Laboratory for Biomolecular Nanotechnology, Department of Biosciences, School of Natural Sciences Technical University of Munich, 85748 Garching, Germany.
Munich Institute of Biomedical Engineering, Technical University of Munich, 85748 Garching, Germany.
Science. 2024 Oct 25;386(6720):439-445. doi: 10.1126/science.adq1741. Epub 2024 Oct 24.

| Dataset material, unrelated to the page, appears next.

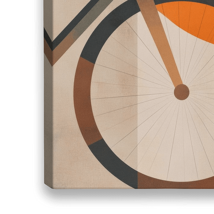 Een harmonieus samenspel van geometrische vormen en warme aardse kleuren trekt de aandacht. De gestileerde fietsstructuur contrasteert levendig met de zachte, ronde en hoekige elementen op de achtergrond. Deze compositie straalt een gevoel van beweging en vrijheid uit, terwijl het spel van licht en schaduw de dynamiek van het dagelijks…

Machine learning (ML)-based design approaches have advanced the field of de novo protein design, with diffusion-based generative methods increasingly dominating protein design pipelines. Here, we report a "hallucination"-based protein design approach that functions in relaxed sequence space, enabling the efficient design of high-quality protein backbones over multiple scales and with broad scope of application without the need for any form of retraining. We experimentally produced and characterized more than 100 proteins. Three high-resolution crystal structures and two cryo-electron microscopy density maps of designed single-chain proteins comprising up to 1000 amino acids validate the accuracy of the method. Our pipeline can also be used to design synthetic protein-protein interactions, as validated experimentally by a set of protein heterodimers. Relaxed sequence optimization offers attractive performance with respect to designability, scope of applicability for different design problems, and scalability across protein sizes.
基于机器学习 (ML) 的设计方法推动了从头蛋白质设计领域的发展,基于扩散的生成方法越来越主导蛋白质设计流程。在这里,我们报告了一种基于“幻觉”的蛋白质设计方法,该方法在宽松的序列空间中起作用,能够在多个尺度上高效设计高质量的蛋白质骨架,并具有广泛的应用范围,而无需任何形式的再训练。我们通过实验生产和表征了 100 多种蛋白质。三个高分辨率的晶体结构和两个设计的包含多达 1000 个氨基酸的单链蛋白质的冷冻电子显微镜密度图验证了该方法的准确性。我们的流水线还可以用于设计合成蛋白质-蛋白质相互作用,这通过一组蛋白质异二聚体的实验得到了验证。松弛序列优化在设计性、不同设计问题的适用范围以及蛋白质大小的可扩展性方面具有吸引力。